DD species in marine systems seem to be most relevant around the world’s coastlines, as well as around temperate to tropical islands and atolls, but less relevant in international waters (Fig. 3a). For instance, we found an increase in average PE score by more than 20% once DD were considered alongside DS species in e.g., the Gulf of Mexico, the Caribbean and south America’s Atlantic coast (Fig. 3a). Even in biodiversity-rich regions the average PE score increased another 10% to 15% due to the extant DD species, such as in the Gulf of Guinea and South-eastern Asian seas. Here, numerous DD reef forming corals, sharks, rays, chimaeras, and marine fish species seem to be particularly relevant for a timely and expert-based threat assessment (Supplementary Figs. 3, 6). In contrast, including DD species did not change or even lowered the average PE score in large parts of international seas (Fig. 3a). Although marine biodiversity as we know it today is richest in coastal waters⁴⁹, these results should be interpreted with caution because the underlying range maps for many marine species can be too coarse⁵⁰, which may be especially true for DD species in international seas.

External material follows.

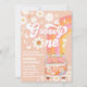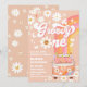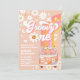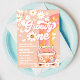 Celebrate your little ones special day with this retro-inspired birthday invitation featuring a peach background, white daisies, butterflies, hearts, and a rainbow in warm shades of orange, pink, and yellow. A flower-decorated van with a peace symbol adds a fun hippie vibe, perfect for a groovy first birthday party. This customizable invitation blends nostalgic 1960s style with modern charm, making it ideal for kids birthday celebrations, peace and love themes, or retro party décor. Personalize easily for your childs name, date, and details to create a unique keepsake.

**Fig. 3: Data Deficient species change conservation priorities.**

Furthermore, DD species on land (i.e., strictly non-marine species) seem to have the potential to regionally boost the conservation relevance in most of the world’s megadiverse countries⁵¹. Across Central to South America, we found a widespread increase of 10% to 20% in average PE score when including DD in addition to DS species (Fig. 3b). Notably, often only few taxonomic groups accounted for most of the observed increase in average PE score (Supplementary Fig. 6). For instance, the addition of predicted scores for DD amphibians, reptiles, mammals, rays and other freshwater groups in large parts of South America resulted in a widespread increase in average PE score, including for example the Amazon basin, the tropical Andes, the Atlantic Forest and Cerrado. However, these estimates are based on limited taxonomic groups and may be different if spatially explicit range maps for more taxa were available (e.g., plants).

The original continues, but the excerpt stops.